This adds struct netns_brnf in preparation for per-network-namespace
br_netfilter settings. The individual br_netfilter sysctl options are moved
into a central place in struct net. The struct is only included when
the CONFIG_BRIDGE_NETFILTER kconfig option is enabled in the kernel.

Signed-off-by: Christian Brauner <[email protected]>
Reviewed-by: Tyler Hicks <[email protected]>
---
include/net/net_namespace.h | 3 ++
include/net/netns/netfilter.h | 16 ++++++++
net/bridge/br_netfilter_hooks.c | 68 ++++++++++++++++-----------------
3 files changed, 52 insertions(+), 35 deletions(-)

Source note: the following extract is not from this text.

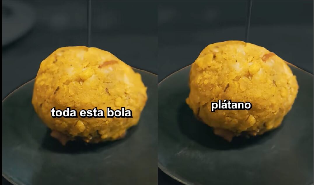 “Por parte de Ecuador tenemos el bolón de verde, que es básicamente masa de plátano verde con queso y chicharrón. Toda esta bola es el bolón de verde”, dice Ibai mientras muestra el plato.
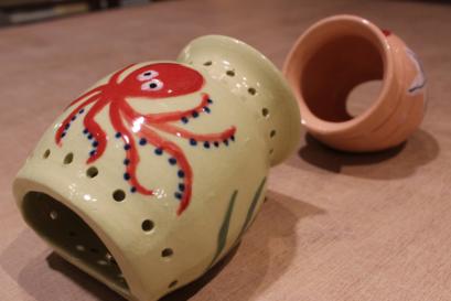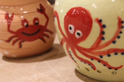 ![]() 今回は海に住む生き物です。 カラフルな器のかわいいカニとタコです! |

diff --git a/include/net/net_namespace.h b/include/net/net_namespace.h
index 12689ddfc24c..a958d09dc14d 100644
--- a/include/net/net_namespace.h
+++ b/include/net/net_namespace.h
@@ -127,6 +127,9 @@ struct net {
#if defined(CONFIG_NF_CONNTRACK) || defined(CONFIG_NF_CONNTRACK_MODULE)
struct netns_ct ct;
#endif
+#if IS_ENABLED(CONFIG_BRIDGE_NETFILTER)
+ struct netns_brnf brnf;
+#endif
#if defined(CONFIG_NF_TABLES) || defined(CONFIG_NF_TABLES_MODULE)
struct netns_nftables nft;
#endif
diff --git a/include/net/netns/netfilter.h b/include/net/netns/netfilter.h
index ca043342c0eb..eedbd1ac940e 100644
--- a/include/net/netns/netfilter.h
+++ b/include/net/netns/netfilter.h
@@ -35,4 +35,20 @@ struct netns_nf {
bool defrag_ipv6;
#endif
};
+
+struct netns_brnf {
+#ifdef CONFIG_SYSCTL
+ struct ctl_table_header *ctl_hdr;
+#endif
+
+ /* default value is 1 */
+ int call_iptables;
+ int call_ip6tables;
+ int call_arptables;
+
+ /* default value is 0 */
+ int filter_vlan_tagged;
+ int filter_pppoe_tagged;
+ int pass_vlan_indev;
+};
#endif
diff --git a/net/bridge/br_netfilter_hooks.c b/net/bridge/br_netfilter_hooks.c
index 34fa72c72ad8..b51c6b49fc6f 100644
--- a/net/bridge/br_netfilter_hooks.c
+++ b/net/bridge/br_netfilter_hooks.c
@@ -49,23 +49,6 @@ struct brnf_net {
bool enabled;
};

-#ifdef CONFIG_SYSCTL
-static struct ctl_table_header *brnf_sysctl_header;
-static int brnf_call_iptables __read_mostly = 1;
-static int brnf_call_ip6tables __read_mostly = 1;
-static int brnf_call_arptables __read_mostly = 1;
-static int brnf_filter_vlan_tagged __read_mostly;
-static int brnf_filter_pppoe_tagged __read_mostly;
-static int brnf_pass_vlan_indev __read_mostly;
-#else
-#define brnf_call_iptables 1
-#define brnf_call_ip6tables 1
-#define brnf_call_arptables 1
-#define brnf_filter_vlan_tagged 0
-#define brnf_filter_pppoe_tagged 0
-#define brnf_pass_vlan_indev 0
-#endif
-
#define IS_IP(skb) \
(!skb_vlan_tag_present(skb) && skb->protocol == htons(ETH_P_IP))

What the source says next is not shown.